Falling at a happy, angst-ridden medium between righteous anger and nervous anticipation, the evening of the referendum on marriage equality is a great time to be out pretty much anywhere in Dublin. To be witnessing three extra highly-charged punk-inspired bands wreck The Hangar before an audience dying to let loose that nervous tension, though, is the perfect antidote.
Bitch Falcon – who clearly possess one of the best names in rock – are a thundering, bass-heavy outfit that take grunge, filter it through a light post-punk lense and shine in the dingiest corners of their own insecurities. Latest single Breed is the first to come out since Fia Kavanagh left the band earlier this year, but there’s no sign of an absence in the other tracks: they’re raw, scuzzy and darkly intense.
Three, in fact, might just be their magic number, allowing frontwoman Lizzie Fitzpatrick to come to the fore, and ensuring a cleaner sound that highlights the pure frantic class of their fretwork. Fitzpatrick’s joke about everyone voting no goes down like a lead balloon, but increasingly recognisable highlights Breed and Wolfstooth more than make up for it.
Second act ‘Strong Boys’ are a new name to us, but they certainly make an impression. Fronted by a muscular bearded man in a silver-studded white waistcoat, they play a brand of embittered punk with tracks rarely exceeding two minutes, almost tailored to the night.
Album ‘Riot Shock’ is a potent swipe at religious influence in Ireland and a roar for gay rights, with tracks with pointed names like No Pope, Two Dads and Second Class. Live, they’re a wall of sound delivered with some playful back and forth between guitar and bass, roared over with potent, growling angst. It’s not pretty, and not helped by some fuzzy sound, but fitting and expressively, gloriously bitter.
Fucked Up are kings tonight, though, especially when charismatic frontman Damian Abraham refusing to play a note before whipping the crowd into a chant of ‘yes, yes, yes’. Later he has ‘yes’ scrawled all over his body in black marker, and gives a couple of male audience members hefty pecks on the lips.
Abraham, unquestionably, is the making of this band. The set is no more than two tracks deep when the bouncing beard takes a lively stroll to the back bar, stopping to hug and scream in the face of audience members whilst wrapping his mic cord around thumping legs.
Things get messier as they progress. Opener Queen of Hearts is haphazardly loud, but not a patch on the utter shambolic brilliance of night-closing chaos served up as Other Shoes. The tracks, frankly, could say anything, so viciously and frenetically are they performed.
Abraham in particular has never been prone to toned down performance: taking an album described a ‘rock opera’ and screaming it in a way that’s half embittered anger and half playful self-parody is just a standard night on tour.

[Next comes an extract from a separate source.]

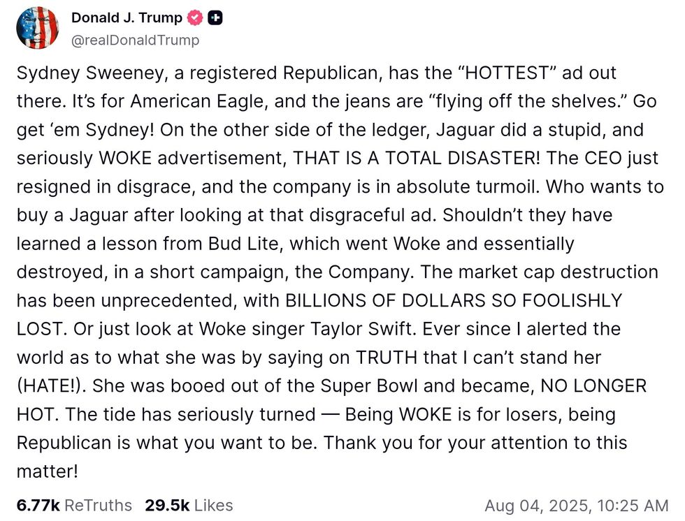 "Sydney Sweeney, a registered Republican, has the 'HOTTEST' ad out there. It’s for American Eagle, and the jeans are 'flying off the shelves'. Go get ‘em Sydney!"

There’s no doubting the sincerity of the rage tonight, though, and the accompanying sense of community it provokes. Fucked Up are an in your face affront to the senses that leave your head rattling and eyes bulging.
They nod to Paranoid Visions as an influence, but sing with a brutality that Ireland’s seminal punk band muster in lyrics alone. The toned down backing vocals of Sandy Miranda are the only relief.
The Canadians are a live tour de force; full of boisterousness, shock factor and toned noise. It’s harsh, boisterous, rampant and abrasive, but more importantly, the most pleasant aural assault you could hope to witness.